Madame [C] [O], demeurant [Adresse 2] (RHONE) (bénéficie d’une aide juridictionnelle Totale numéro 2021/016752 du 30/06/2021 accordée par le bureau d’aide juridictionnelle de LYON) représentée par la SELARL CABINET RITOUET RUIZ, avocats au barreau de LYON, vestiaire : 49

DÉFENDERESSE

S.A.S. [4], dont le siège social est sis Sise [Adresse 1] représentée par la SELARL ELECTA JURIS, avocats au barreau de LYON, vestiaire : 332

MISE EN CAUSE CPAM DU RHONE, dont le siège social est sis [Adresse 6] comparante en la personne de Madame [X] [K] [J]

Notification le : Une copie certifiée conforme à :

[C] [O] S.A.S. [4] CPAM DU RHONE la SELARL CABINET RITOUET RUIZ, vestiaire : 49 la SELARL [5], vestiaire : 332 Une copie certifiée conforme au dossier

FAITS, PROCÉDURE ET PRÉTENTIONS DES PARTIES

Madame [C] [O], embauchée par la société [4] en qualité de vendeuse à compter du 4 juin 2016, a été victime d’un accident du travail le 21 novembre 2017 en soulevant un colis.

Le 20 novembre 2020, Madame [O] a saisi le pôle social du tribunal judiciaire de Lyon aux fins de reconnaissance de la faute inexcusable de son employeur ayant concouru à la survenance de cet accident.

Elle fait valoir :

- que ses tâches consistaient principalement à traiter les colis réceptionnés dans la réserve du magasin et impliquaient une manutention importante pouvant aller jusqu’à 120 kg de marchandises manutentionnées par jour ;

- que certains colis avoisinaient les 15 kg, au-delà des recommandations formulées par l’Afnor ;

- qu’elle était la seule employée affectée à cette tâche ;

- que la société [4] n’a pas mis en place de moyen de manutention adéquat et n’a pas organisé de roulement pour limiter le caractère répétitif des tâches ;

- qu’elle n’a bénéficié d’aucune formation en lien avec la manutention de charges ;

- qu’elle n’a pas fait l’objet d’un suivi médical spécial en dépit de ses conditions de travail.

Elle sollicite en conséquence, outre la reconnaissance de la faute inexcusable de la société [4], l'organisation d'une expertise médicale aux fins d'évaluer ses préjudices, et le paiement de la somme de 5 000 € à titre de provision à valoir sur son préjudice et de la somme de 2 500 € versée à son conseil en application de l’article 700 2° du code de procédure civile.
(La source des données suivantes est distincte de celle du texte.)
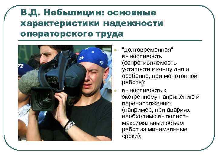 В. Д. Небылицин: основные характеристики надежности операторского труда l l "долговременная" выносливость (сопротивляемость усталости к концу дня и, особенно, при монотонной работе); выносливость к экстренному напряжению и перенапряжению (например, при авариях необходимо выполнять максимальный объем работ за минимальные сроки);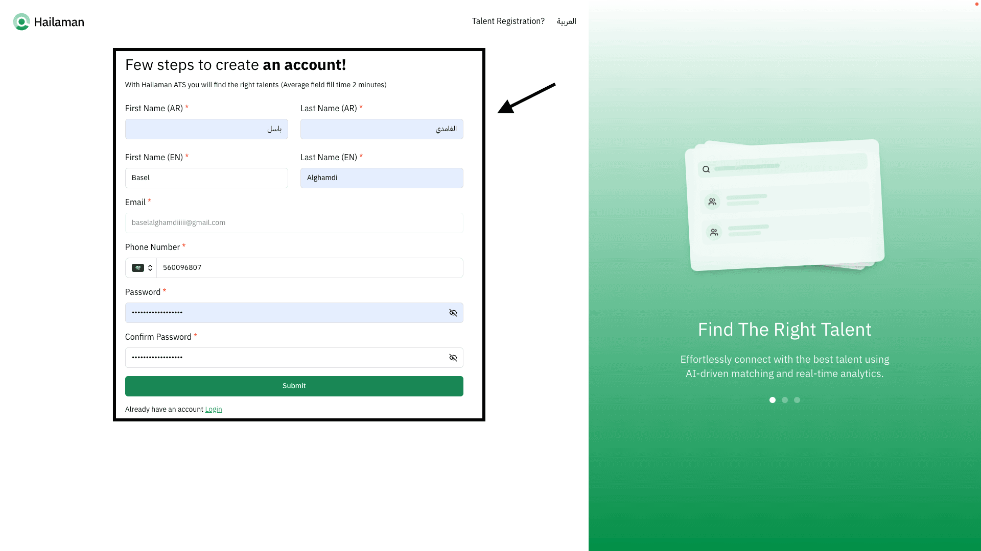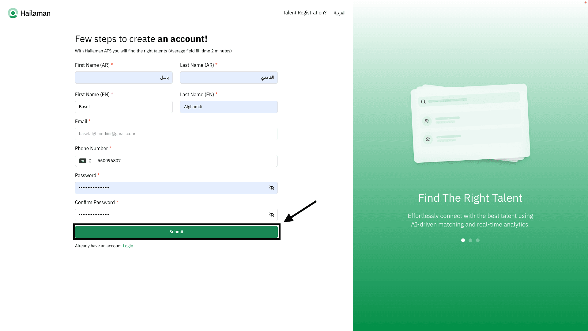 After filling in the information, the employee clicks on “Submit” to save all data.

La société [4] conclut au rejet de ces demandes en faisant valoir :

- que les fonctions de Madame [O], occupant un poste de vendeuse impliquant une polyvalence, ne se limitaient pas au déballage des livraisons et à la mise en rayon des marchandises, et qu’elle devait respecter les règles de sécurité portées à sa connaissance par le guide des gestes à adopter au quotidien et la brochure “l’essentiel sécurité”, qui lui ont également été rappelées par sa hiérarchie ;

- que Madame [O] n’a jamais porté de charge de plus de 12 kg, et qu’elle n’était pas la seule vendeuse chargée de la livraison des marchandises ;

- que des moyens étaient mis à disposition des salariés pour limiter la manutention manuelle et les postures contraignantes, notamment des penderies mobiles, escabeau, desserte, planche à roulette et diable ;

- que Madame [O] a été déboutée de l’ensemble de ses demandes formées devant le conseil de prud’hommes.

A titre subsidiaire, elle conclut au rejet des demandes de majoration de rente en l’absence de décision attributive et de versement d’une provision dans l’attente de l’expertise médicale limitée aux seuls préjudices qui ne sont pas couverts par les prestations prévues par le livre IV du code de la sécurité sociale.

La Caisse Primaire d’Assurance Maladie du Rhône ne formule pas d’observations sur la reconnaissance de la faute inexcusable de l’employeur et demande pour le cas où elle serait retenue qu’il soit jugé qu’elle recouvrera directement auprès de l’employeur les sommes versées au titre de la majoration de rente en application des dispositions des articles L. 452-2 et D. 452-1 du code de la sécurité sociale et des préjudices reconnus dans l’éventualité où une expertise serait ordonnée, outre les frais relatifs à la mise en oeuvre de l’expertise.

MOTIFS

Sur la faute inexcusable :

L’employeur est tenu à l’égard de ses salariés d’une obligation légale de sécurité et de protection de la santé.